Perjuanganku hampir sampai pada ujungnya. Setelah hampir lebih dari Enam Bulan berjibaku dengan urusan skripsi. Beberapa langkah lagi finish dengan perjuangan yang tak mudah. Bahkan, di bab terakhir Aku sampai meluangkan waktu menginap beberapa kali di kosan sahabatku, Mars Nurhidayati. Gadis bersahaja Satu Angkatan yang sangat pintar Matematika.
Ia memberikan waktu luangnya mengajariku statistik satu – satunya mata kuliah yang sebenarnya tak ku minati. Saat pembelajaran di kelas walau aku menyimak dengan seksama tetapi, tetap saja materinya tak memberi pemahaman maksimal. Selalu terasa ada yang kurang paham ini itunya, mungkin karena matematika SD ku yang tak tuntas dan berimbas begini terus- menerus .

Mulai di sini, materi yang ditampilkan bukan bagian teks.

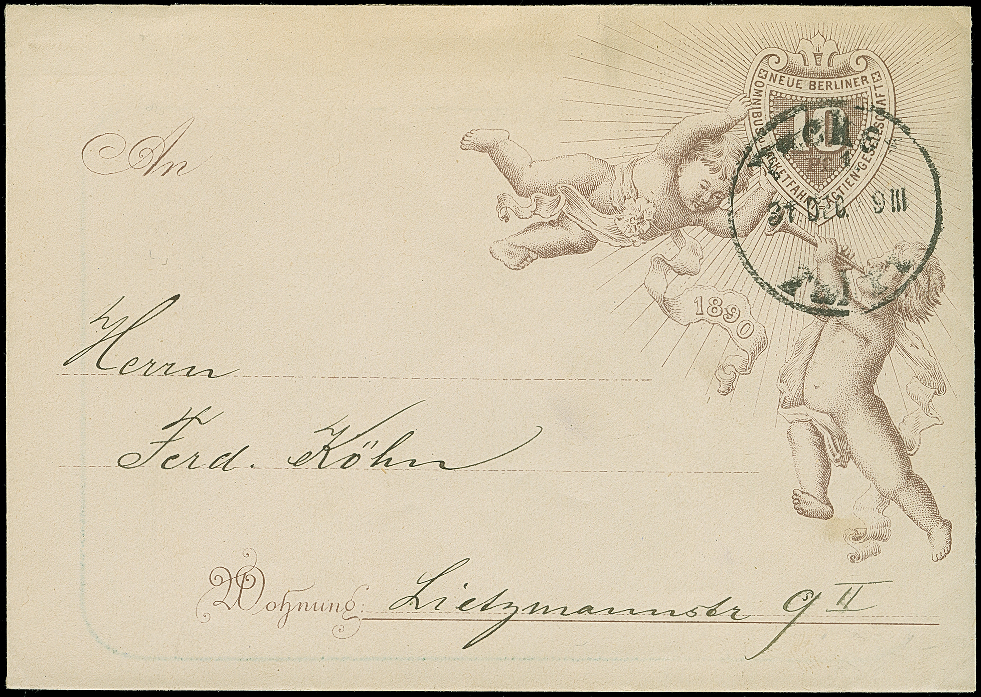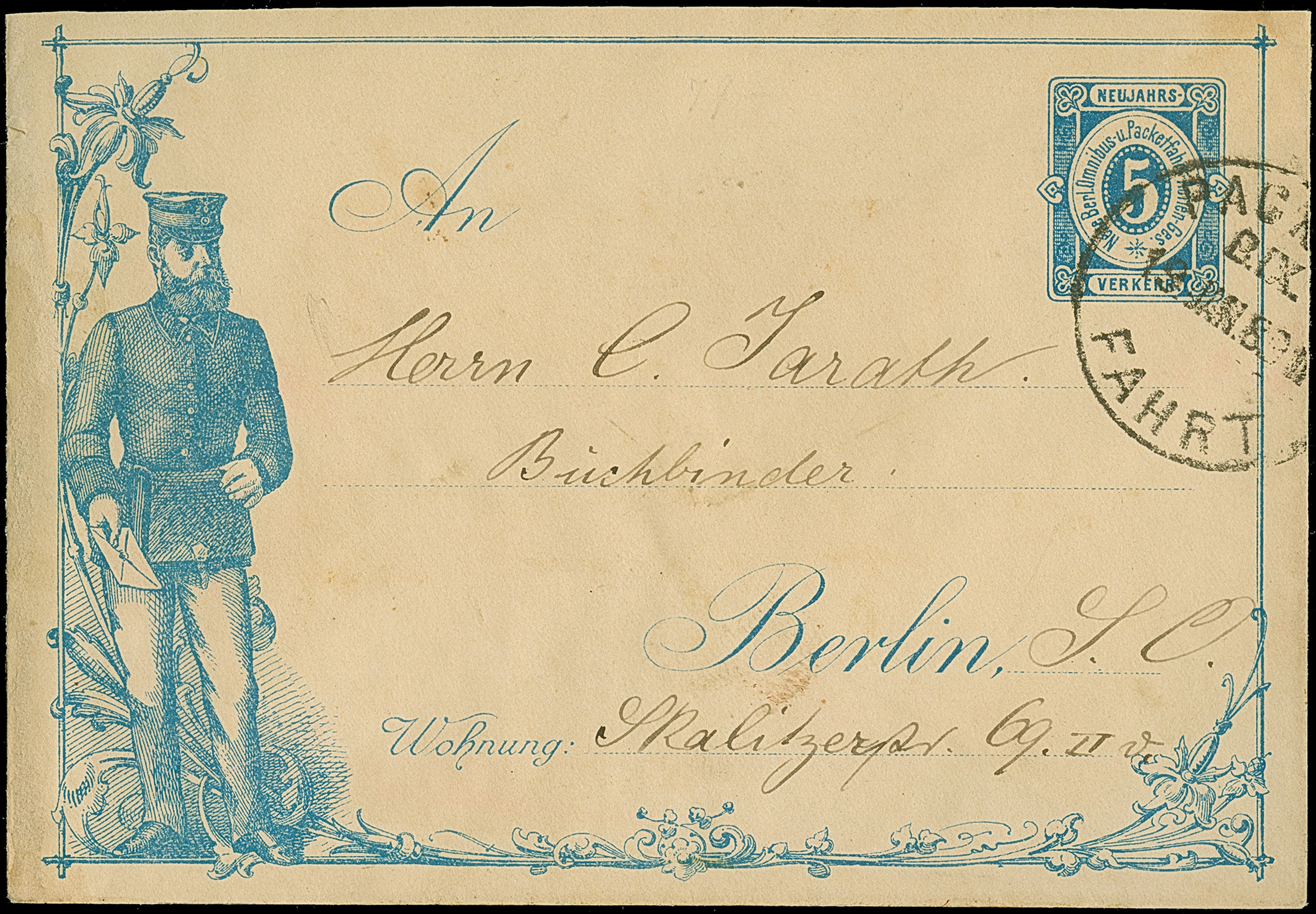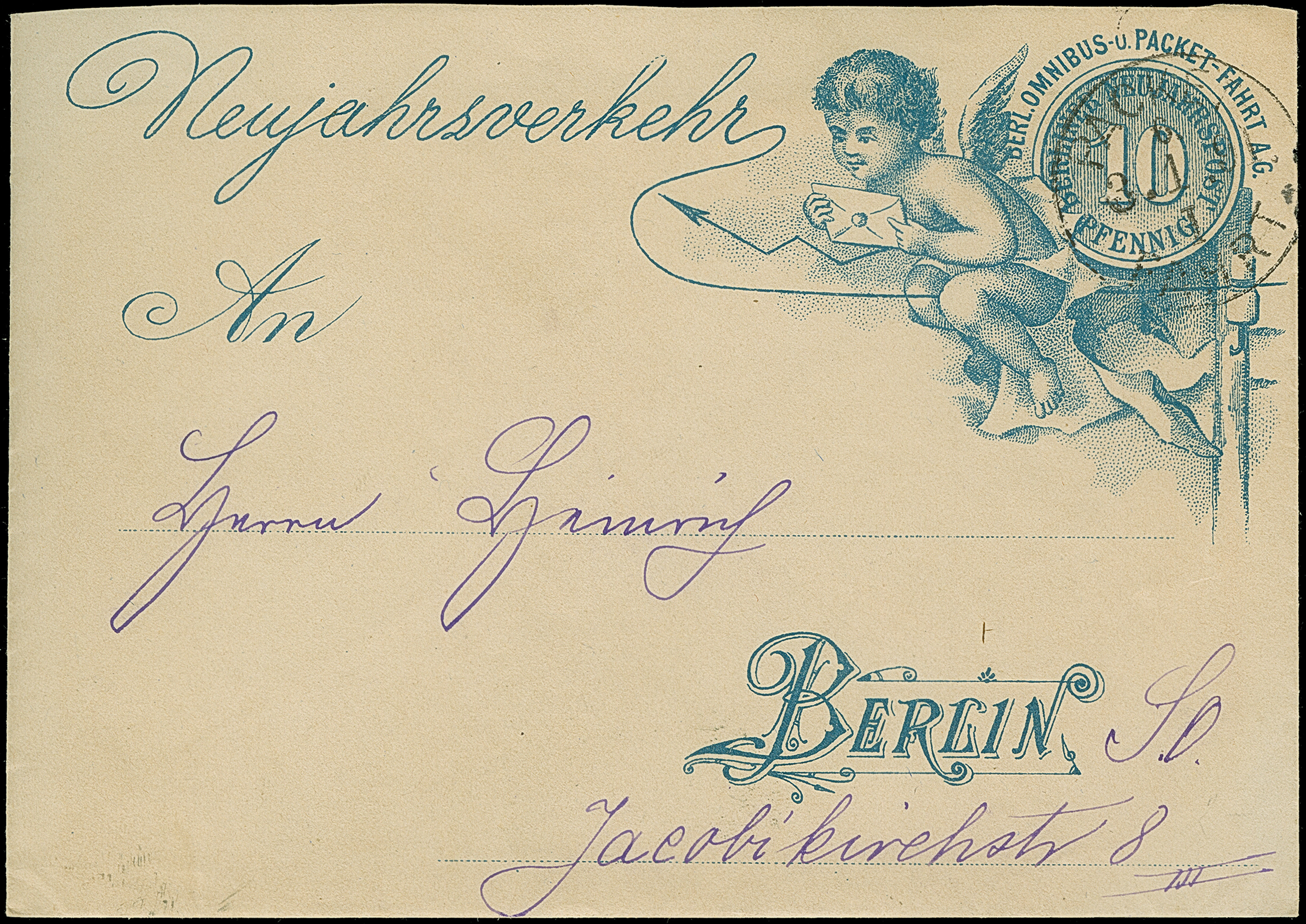 Berliner Packetfahrt-Gesellschaft: 1890, Ganzsachen-Glückwunschumschlag 10 Pfg. blau mit Einlage “Page mit Speer und Friedensengel” gebraucht mit Stempel “PAKET FAHRT 3.1.91”. Der Umschlag rückseitig mit kleinem Einriss, ansonsten in guter Erhaltung
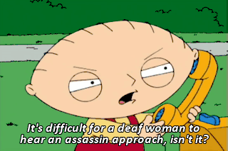 It's difficult for a deaf woman to hear an assassin approach, isn't it?

Jujur saja, nilai Matematika-ku memang tak bagus di setiap jenjang pendidikanku. Minatku tidak di sana memang, tapi menyelesaikan skripsi kuantitatif, tetap saja menggunakan statistik dan data numerik berbasis fakta yang memaksaku harus belajar statistik lebih gigih dan mati – matian agar skripsiku selesai tepat waktu.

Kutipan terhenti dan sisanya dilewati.